Task directions
Output exactly, and only, the lines below from the one with "Meine Bananenpflanze müsste" down to the one with "2月5日,招生院校将公布各招". Include both end lines and no pictures.

Extracted entries

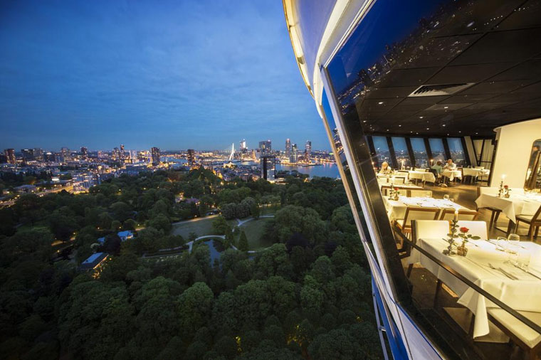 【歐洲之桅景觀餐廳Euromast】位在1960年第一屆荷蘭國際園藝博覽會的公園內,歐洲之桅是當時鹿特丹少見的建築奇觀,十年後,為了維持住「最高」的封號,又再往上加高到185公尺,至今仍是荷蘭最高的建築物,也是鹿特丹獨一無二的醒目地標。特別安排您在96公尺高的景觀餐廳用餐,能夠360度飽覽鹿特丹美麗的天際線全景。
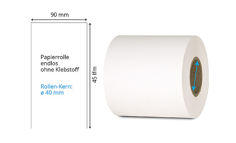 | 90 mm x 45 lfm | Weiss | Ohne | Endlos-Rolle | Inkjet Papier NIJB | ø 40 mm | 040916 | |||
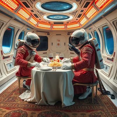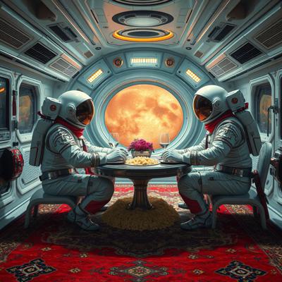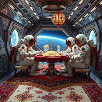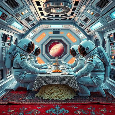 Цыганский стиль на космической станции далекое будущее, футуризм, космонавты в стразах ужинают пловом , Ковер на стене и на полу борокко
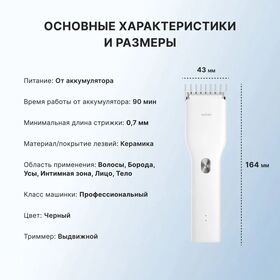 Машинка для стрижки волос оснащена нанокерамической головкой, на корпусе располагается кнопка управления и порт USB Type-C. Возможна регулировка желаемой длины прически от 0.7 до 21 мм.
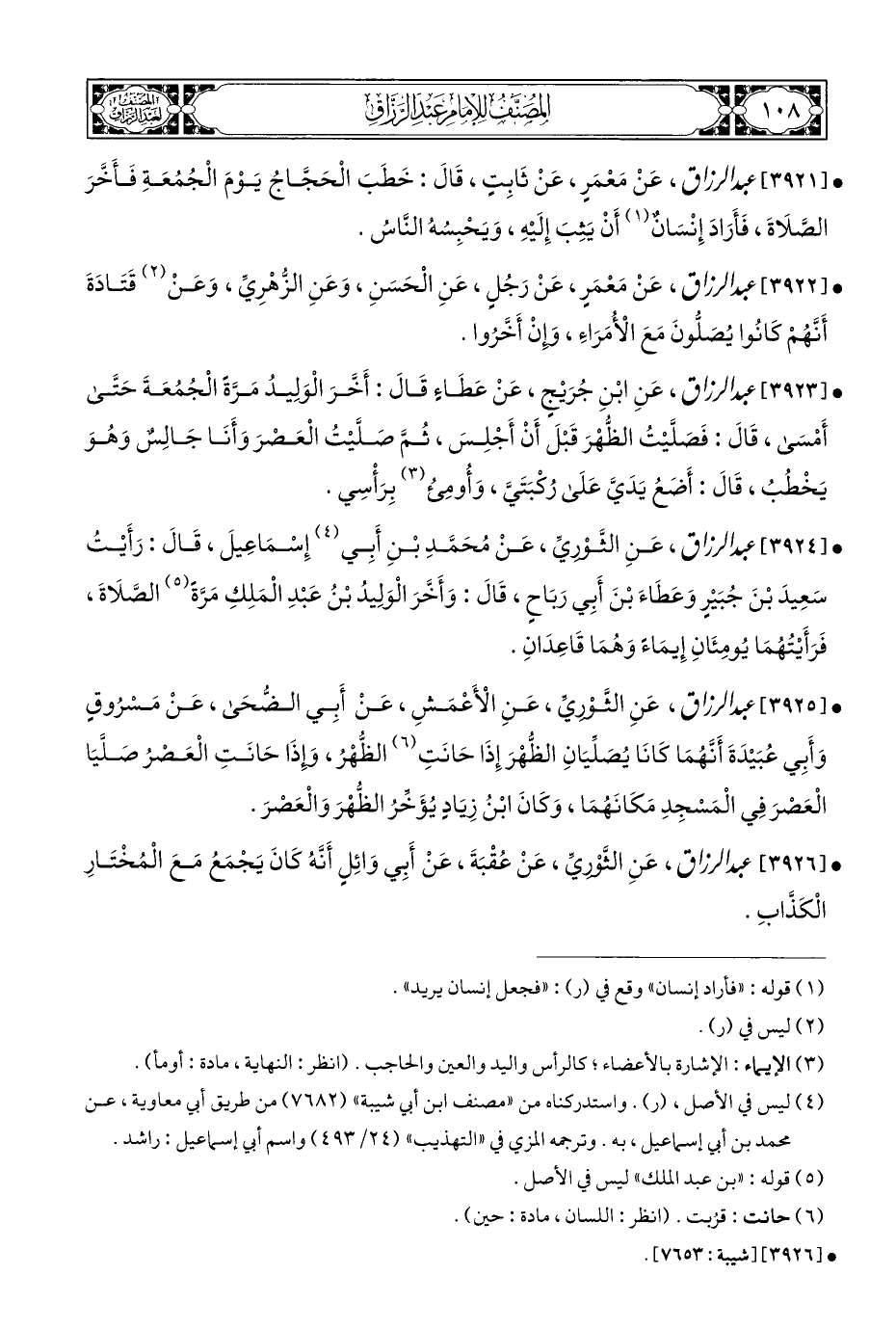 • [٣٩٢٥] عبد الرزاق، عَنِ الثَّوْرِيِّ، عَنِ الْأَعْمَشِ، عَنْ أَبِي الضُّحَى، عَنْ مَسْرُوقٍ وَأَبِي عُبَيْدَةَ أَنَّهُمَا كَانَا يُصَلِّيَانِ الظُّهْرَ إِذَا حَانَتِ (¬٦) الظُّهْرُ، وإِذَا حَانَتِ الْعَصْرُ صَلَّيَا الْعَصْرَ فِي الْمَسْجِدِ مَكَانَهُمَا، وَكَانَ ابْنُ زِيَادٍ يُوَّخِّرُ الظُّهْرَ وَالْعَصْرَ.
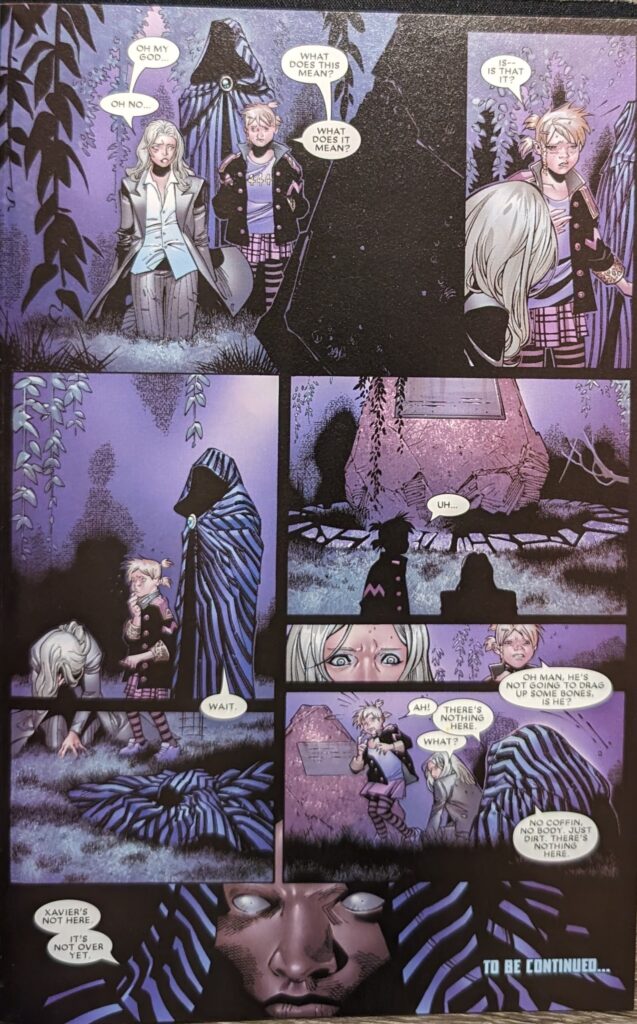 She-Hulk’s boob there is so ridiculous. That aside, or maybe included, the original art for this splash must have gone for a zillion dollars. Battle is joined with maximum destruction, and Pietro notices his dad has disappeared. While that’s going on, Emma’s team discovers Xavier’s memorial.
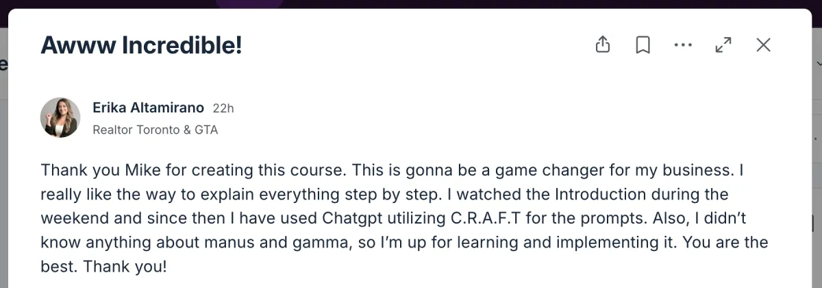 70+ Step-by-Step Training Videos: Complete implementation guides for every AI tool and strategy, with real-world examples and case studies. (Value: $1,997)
---
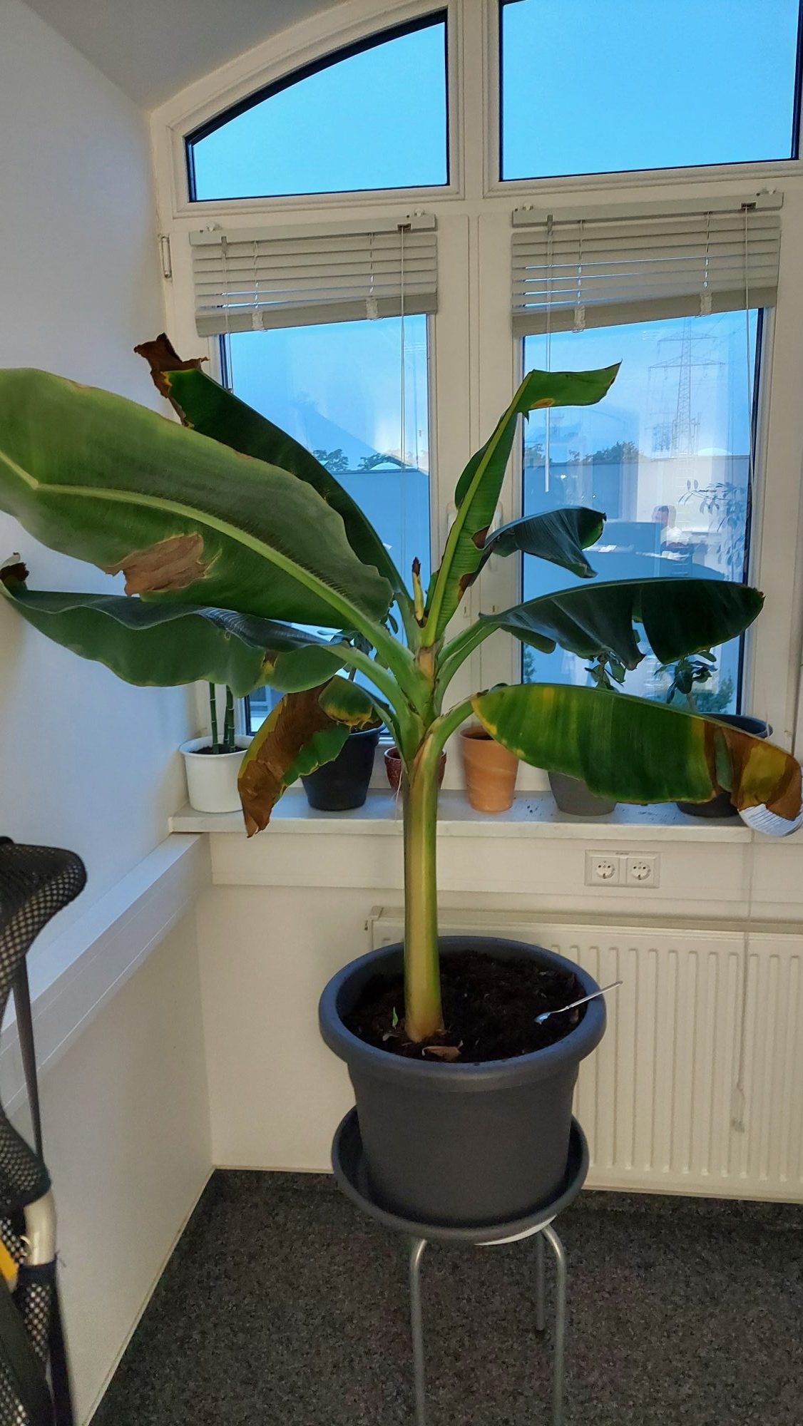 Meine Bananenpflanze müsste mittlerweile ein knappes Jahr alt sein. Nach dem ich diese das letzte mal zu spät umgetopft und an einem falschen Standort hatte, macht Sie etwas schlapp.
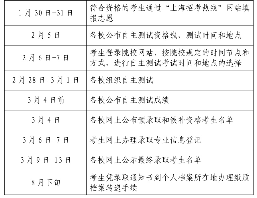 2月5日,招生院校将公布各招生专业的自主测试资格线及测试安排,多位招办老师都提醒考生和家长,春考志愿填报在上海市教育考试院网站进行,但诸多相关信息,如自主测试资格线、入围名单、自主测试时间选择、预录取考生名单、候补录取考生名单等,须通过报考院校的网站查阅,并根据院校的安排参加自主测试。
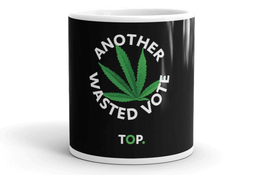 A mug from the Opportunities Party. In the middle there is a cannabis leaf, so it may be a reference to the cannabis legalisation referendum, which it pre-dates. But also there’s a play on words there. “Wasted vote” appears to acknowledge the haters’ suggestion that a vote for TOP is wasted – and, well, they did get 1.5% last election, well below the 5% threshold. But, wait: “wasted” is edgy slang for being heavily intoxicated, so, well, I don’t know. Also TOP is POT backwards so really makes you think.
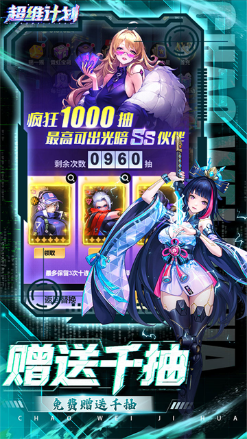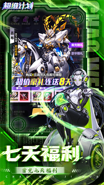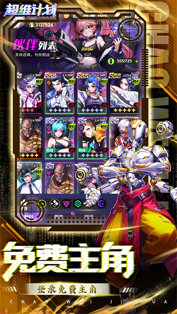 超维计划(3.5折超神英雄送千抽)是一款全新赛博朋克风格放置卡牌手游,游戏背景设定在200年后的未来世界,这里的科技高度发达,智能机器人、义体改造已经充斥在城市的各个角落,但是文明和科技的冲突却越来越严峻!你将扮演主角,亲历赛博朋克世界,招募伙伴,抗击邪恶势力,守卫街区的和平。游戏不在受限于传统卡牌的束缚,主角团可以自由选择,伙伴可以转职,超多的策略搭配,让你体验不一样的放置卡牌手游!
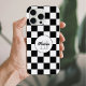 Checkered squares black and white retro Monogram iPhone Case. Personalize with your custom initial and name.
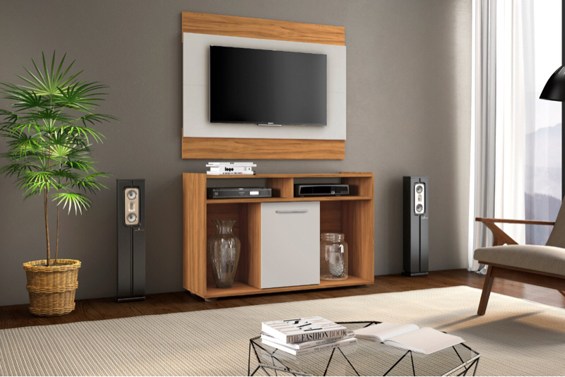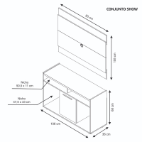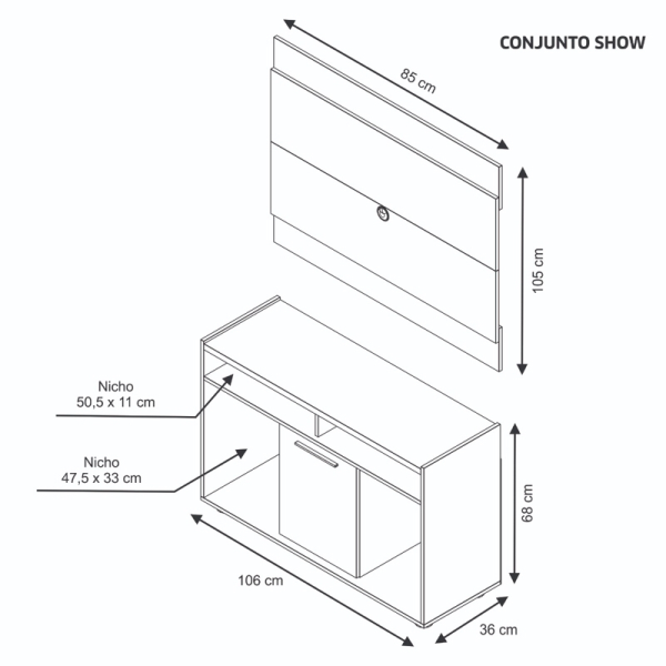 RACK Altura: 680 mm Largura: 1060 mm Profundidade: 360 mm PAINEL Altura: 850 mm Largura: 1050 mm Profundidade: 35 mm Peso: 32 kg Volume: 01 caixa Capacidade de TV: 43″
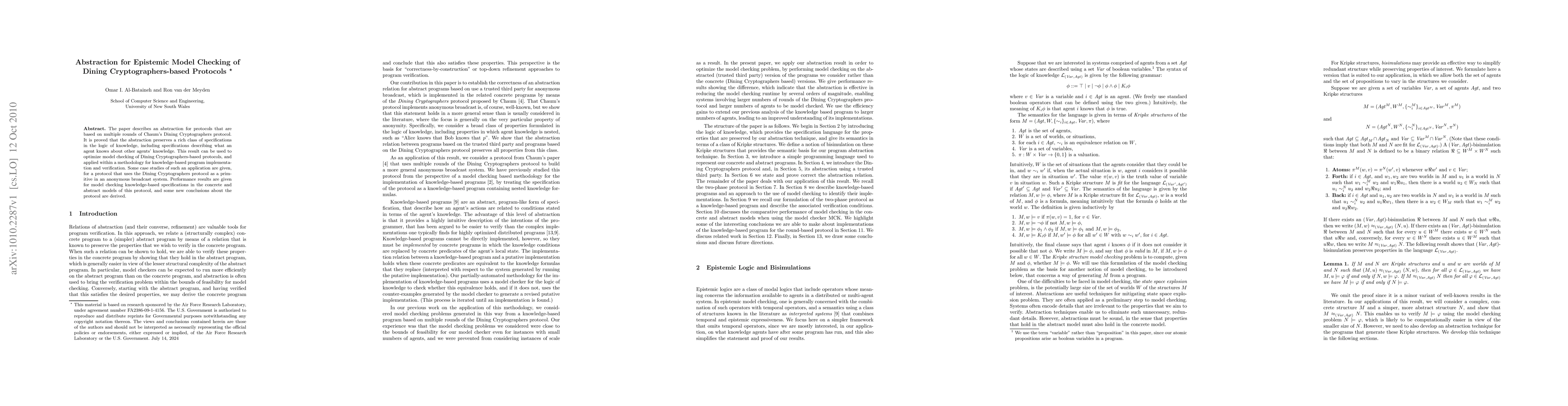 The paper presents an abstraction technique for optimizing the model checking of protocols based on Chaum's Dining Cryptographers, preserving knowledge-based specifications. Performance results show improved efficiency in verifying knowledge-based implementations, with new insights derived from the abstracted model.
* * *
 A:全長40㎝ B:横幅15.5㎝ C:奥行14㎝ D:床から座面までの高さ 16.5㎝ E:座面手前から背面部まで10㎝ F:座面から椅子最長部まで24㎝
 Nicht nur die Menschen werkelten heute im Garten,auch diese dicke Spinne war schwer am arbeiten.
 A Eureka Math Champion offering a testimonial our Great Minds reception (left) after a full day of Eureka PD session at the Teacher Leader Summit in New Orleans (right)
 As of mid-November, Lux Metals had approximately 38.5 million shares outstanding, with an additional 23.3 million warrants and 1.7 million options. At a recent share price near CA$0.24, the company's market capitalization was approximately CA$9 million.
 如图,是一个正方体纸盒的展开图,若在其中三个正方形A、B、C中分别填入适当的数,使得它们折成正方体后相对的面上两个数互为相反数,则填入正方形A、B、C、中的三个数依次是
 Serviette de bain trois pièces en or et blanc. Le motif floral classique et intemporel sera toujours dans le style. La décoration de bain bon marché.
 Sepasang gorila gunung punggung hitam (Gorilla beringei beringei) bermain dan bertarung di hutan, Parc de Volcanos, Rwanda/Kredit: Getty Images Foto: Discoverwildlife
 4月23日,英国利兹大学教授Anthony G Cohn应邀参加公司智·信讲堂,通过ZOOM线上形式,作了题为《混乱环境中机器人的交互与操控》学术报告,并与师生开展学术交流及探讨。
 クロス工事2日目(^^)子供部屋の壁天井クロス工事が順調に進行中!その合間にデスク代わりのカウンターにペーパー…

Answer to this exercise
 Meine Bananenpflanze müsste mittlerweile ein knappes Jahr alt sein. Nach dem ich diese das letzte mal zu spät umgetopft und an einem falschen Standort hatte, macht Sie etwas schlapp.
 2月5日,招生院校将公布各招生专业的自主测试资格线及测试安排,多位招办老师都提醒考生和家长,春考志愿填报在上海市教育考试院网站进行,但诸多相关信息,如自主测试资格线、入围名单、自主测试时间选择、预录取考生名单、候补录取考生名单等,须通过报考院校的网站查阅,并根据院校的安排参加自主测试。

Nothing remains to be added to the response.